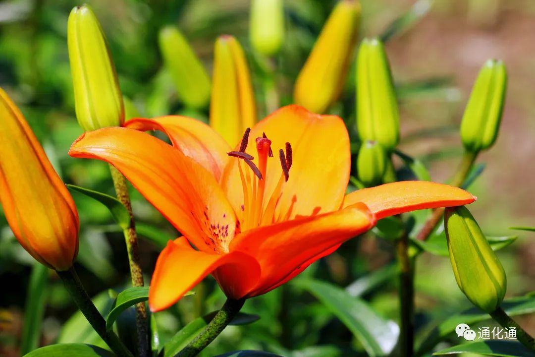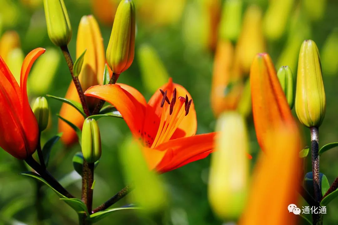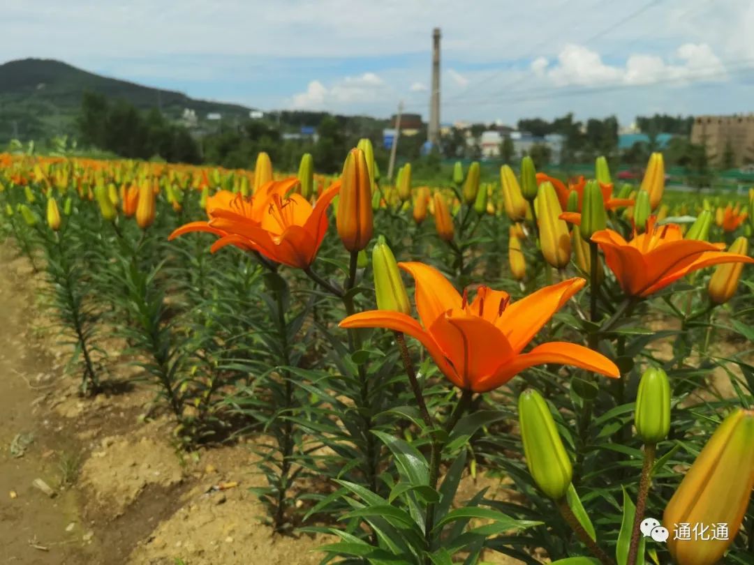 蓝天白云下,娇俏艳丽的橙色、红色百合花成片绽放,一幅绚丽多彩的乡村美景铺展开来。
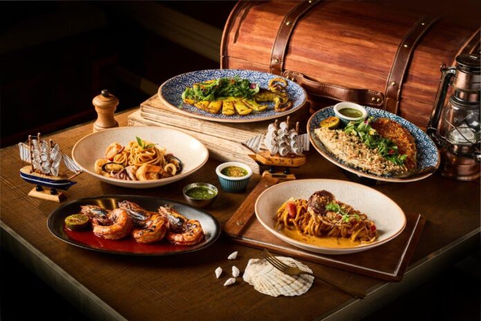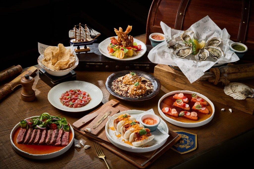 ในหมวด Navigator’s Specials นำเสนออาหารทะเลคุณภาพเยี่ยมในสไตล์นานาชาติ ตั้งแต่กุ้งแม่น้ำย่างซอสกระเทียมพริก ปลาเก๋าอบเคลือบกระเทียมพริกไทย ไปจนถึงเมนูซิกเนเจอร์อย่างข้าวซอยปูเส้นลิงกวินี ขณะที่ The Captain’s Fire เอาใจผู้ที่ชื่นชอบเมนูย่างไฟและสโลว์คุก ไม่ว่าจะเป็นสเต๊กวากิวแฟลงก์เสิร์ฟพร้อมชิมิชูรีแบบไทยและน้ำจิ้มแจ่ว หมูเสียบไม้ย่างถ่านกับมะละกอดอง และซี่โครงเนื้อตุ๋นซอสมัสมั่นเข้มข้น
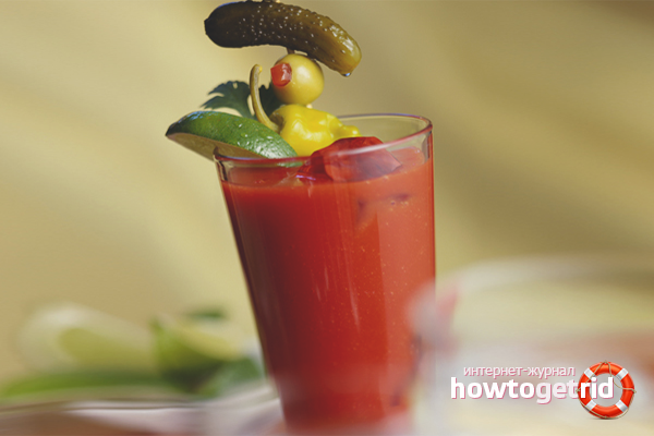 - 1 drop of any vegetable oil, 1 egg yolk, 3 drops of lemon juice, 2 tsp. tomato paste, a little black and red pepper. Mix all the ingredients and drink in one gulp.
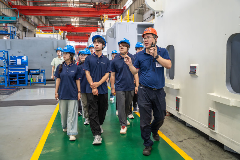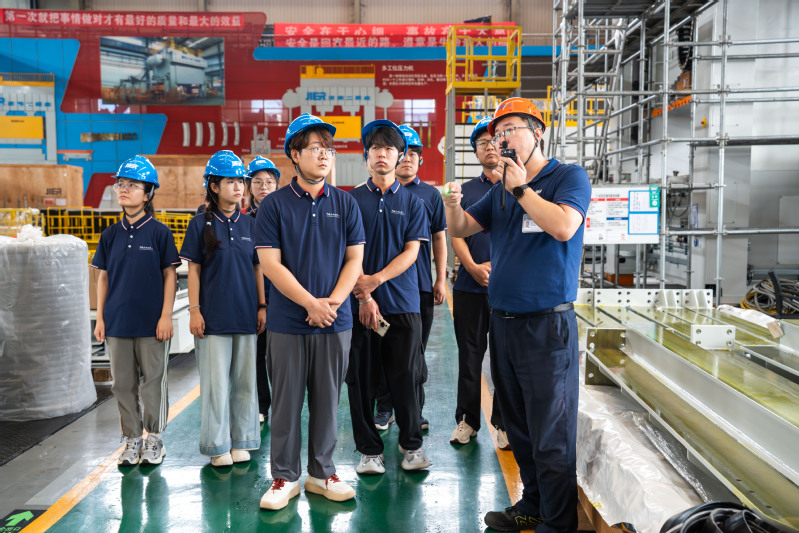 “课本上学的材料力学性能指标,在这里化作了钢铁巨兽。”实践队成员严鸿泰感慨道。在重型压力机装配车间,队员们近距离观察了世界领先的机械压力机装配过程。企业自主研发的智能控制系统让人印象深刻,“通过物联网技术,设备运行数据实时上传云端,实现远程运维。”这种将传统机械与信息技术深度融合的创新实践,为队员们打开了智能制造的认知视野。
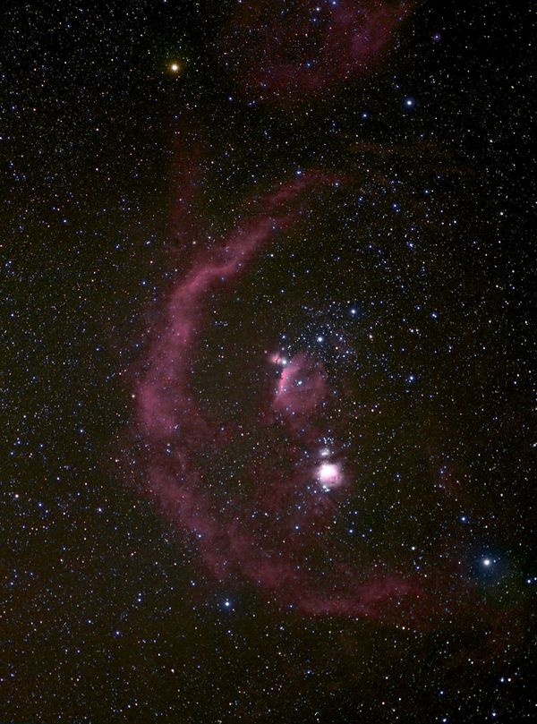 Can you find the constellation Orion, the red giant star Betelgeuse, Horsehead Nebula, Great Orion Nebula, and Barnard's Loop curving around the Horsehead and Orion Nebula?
==
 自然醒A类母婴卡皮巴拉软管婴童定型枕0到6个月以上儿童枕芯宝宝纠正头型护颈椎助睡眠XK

» **Your objective**:
Print the line above containing "蓝天白云下,娇俏艳丽的橙色、", the line containing "Can you find", and everything between them, exactly as written. Pictures stay out.

» **Exercise solution**:
 蓝天白云下,娇俏艳丽的橙色、红色百合花成片绽放,一幅绚丽多彩的乡村美景铺展开来。
 ในหมวด Navigator’s Specials นำเสนออาหารทะเลคุณภาพเยี่ยมในสไตล์นานาชาติ ตั้งแต่กุ้งแม่น้ำย่างซอสกระเทียมพริก ปลาเก๋าอบเคลือบกระเทียมพริกไทย ไปจนถึงเมนูซิกเนเจอร์อย่างข้าวซอยปูเส้นลิงกวินี ขณะที่ The Captain’s Fire เอาใจผู้ที่ชื่นชอบเมนูย่างไฟและสโลว์คุก ไม่ว่าจะเป็นสเต๊กวากิวแฟลงก์เสิร์ฟพร้อมชิมิชูรีแบบไทยและน้ำจิ้มแจ่ว หมูเสียบไม้ย่างถ่านกับมะละกอดอง และซี่โครงเนื้อตุ๋นซอสมัสมั่นเข้มข้น
 - 1 drop of any vegetable oil, 1 egg yolk, 3 drops of lemon juice, 2 tsp. tomato paste, a little black and red pepper. Mix all the ingredients and drink in one gulp.
 “课本上学的材料力学性能指标,在这里化作了钢铁巨兽。”实践队成员严鸿泰感慨道。在重型压力机装配车间,队员们近距离观察了世界领先的机械压力机装配过程。企业自主研发的智能控制系统让人印象深刻,“通过物联网技术,设备运行数据实时上传云端,实现远程运维。”这种将传统机械与信息技术深度融合的创新实践,为队员们打开了智能制造的认知视野。
 Can you find the constellation Orion, the red giant star Betelgeuse, Horsehead Nebula, Great Orion Nebula, and Barnard's Loop curving around the Horsehead and Orion Nebula?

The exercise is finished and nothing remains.